Para no sentir debería estar muerta. Pero siento, padezco, soy vulnerable y mi piel es tan indiscreta que tengo pavor de enamorarme.

Obviamente, se me notará, pues en mis circunstancias no se trata de una compulsión medio infantil como muchas personas de contarle su vida privada a todo el mundo. Es distinto, porque además de las emociones nuevas, ¿qué brotará en mi cubierta si me abrazan, besan o acarician? Tengo miedo. He vivido en un capelo y para salir debo fracturar el delgado cristal, a pesar de los raspones que quedarán marcados en mi piel.

Mi estado emocional, además de determinar mi manera de percibir al mundo, carga con la maldición de la tinta. Siendo sincera, me avergüenza que todos vean mi sentir. En el peor de los casos, las huellas de ese amor seguramente me delatarán. No es fácil vivir en una sociedad que devalúa la emoción, le estorban las personas vulnerables y las tacha de idealistas, las percibe como débiles. Todos sienten, no hay escapatoria, pero muchos lo ocultan, como si sufriéramos de miedo al amor. No sólo yo siento ese miedo, a casi todos nos toca e intentamos dominarlo, pero es un vano deseo de control, para parecer fuertes. El control no es más que una fuerza patológica que no nos permite expresarnos humanamente, porque estamos vivos...

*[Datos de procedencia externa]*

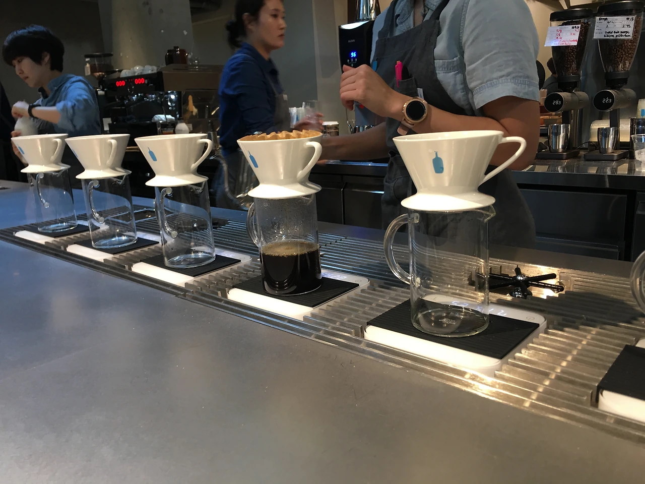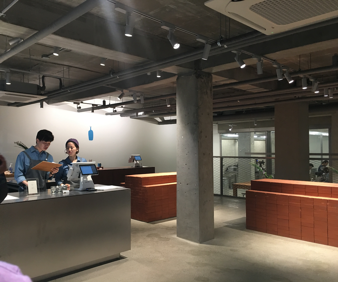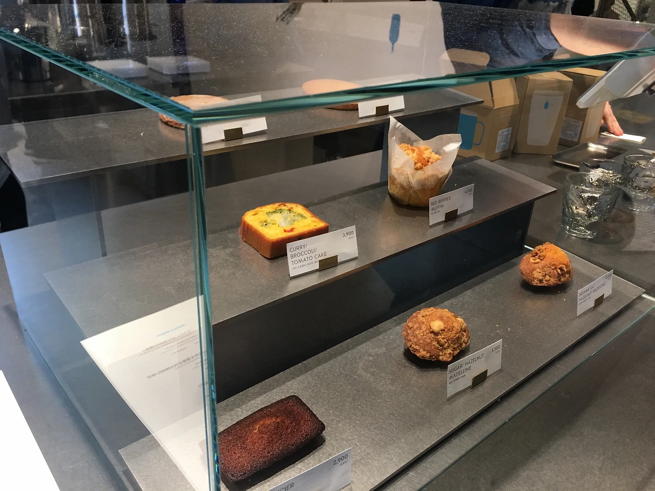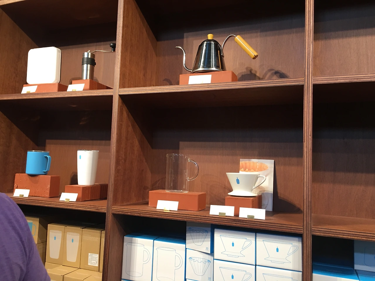 듣던 대로 내부에 콘센트는 없었으며 오직 블루보틀 시그니처, 회색, 나무색 만 있을 뿐이다. 한국에 콘센트가 없는 카페는 많지 않은데 블루보틀의 가치관에는 맞지 않은 설정이라 의도적으로 뺀 듯해 보였다.

En este sentido, no soy tan única, siento como todos. Aunque intento no hacerlo o, al menos, desearía ocultarlo. En este mundo la vulnerabilidad es un peligro y el control es la trampa en la que caemos. El amor se nota y deja raspones, heridas visibles. A unos se les ve en la piel, a otros en su comportamiento ante la vida.

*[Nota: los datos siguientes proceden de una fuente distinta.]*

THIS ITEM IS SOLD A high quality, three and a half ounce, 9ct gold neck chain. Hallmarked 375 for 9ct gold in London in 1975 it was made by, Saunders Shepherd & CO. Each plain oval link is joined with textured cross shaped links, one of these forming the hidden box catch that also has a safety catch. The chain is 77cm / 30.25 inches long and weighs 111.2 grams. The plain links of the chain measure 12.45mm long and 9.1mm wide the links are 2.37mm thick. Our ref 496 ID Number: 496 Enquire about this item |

Desde que era niña supe como el miedo al amor no se fundamenta solamente en sus marcas externas. Tengo un gran temor al abandono, en especial después de la desaparición de mi padre, de su muerte sin pruebas. Una muerte relacionada con la tinta, el día de su partida estaba en ese lugar por negocios vinculados a la imprenta.

La primera marca de este temor surgió hace tiempo: una tarde, cuando regresé de la escuela, la casa me recibió en su vientre con un silencio seco y cerrado. Recorrí todas las habitaciones sintiendo mis piernas cada vez más inseguras. Mi madre no estaba en casa y no dejó ningún recado en la cocina indicándome a dónde fue, tal como acostumbraba hacerlo. La angustia me invadió por completo. Hoy comprendo la fuerza en la unión del recuerdo con la emoción, pero en ese momento no lo entendía, simplemente me sentí perdida, como si nunca volvería a estar con mi madre.

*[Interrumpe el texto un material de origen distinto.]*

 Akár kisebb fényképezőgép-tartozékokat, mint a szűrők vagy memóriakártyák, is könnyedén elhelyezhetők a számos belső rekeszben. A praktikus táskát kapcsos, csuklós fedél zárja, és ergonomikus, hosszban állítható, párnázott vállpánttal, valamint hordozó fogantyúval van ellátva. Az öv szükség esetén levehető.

Imaginé que se fue, la vida sin mi padre le resultaba insoportable y prefería escapar de su tediosa vida de viuda, con una hija a quién cuidar.

Pasaron varias horas. Mi mente iba y venía elucubrando historias tenebrosas. Mi cerebro trabajaba a mil por hora sin parar, con todo su poder de profundidad, rebasando la hondura del mar y convirtiéndose en delirio.

A medida que pasaba el tiempo y las sombras de la noche invadían los rincones de la casa, me decía a mí misma que nunca volvería a ver a mi madre. Lo más insólito fue que no era extraño para mí, pues lo experimenté muchas veces antes, dejándome llevar por mi imaginación febril. A veces, cuando mi madre me dejaba en mi cama por las noches, después de darme un beso y desaparecer por la puerta de mi recámara.

¿Cómo sería estar sola en el mundo?

Ese día lo supe.

Ahora, recordar esos momentos me altera como si los estuviera viviendo. Ahogo un grito y pienso en el de Kenzaburo Oé: “Un hombre es la suma de sus desdichas. Se dice a sí mismo que el infortunio comenzará un día a cansarse, pero entonces es el tiempo el que se convierte en nuestra mayor desdicha”. Cada minuto transcurrido ahondaba mi aflicción.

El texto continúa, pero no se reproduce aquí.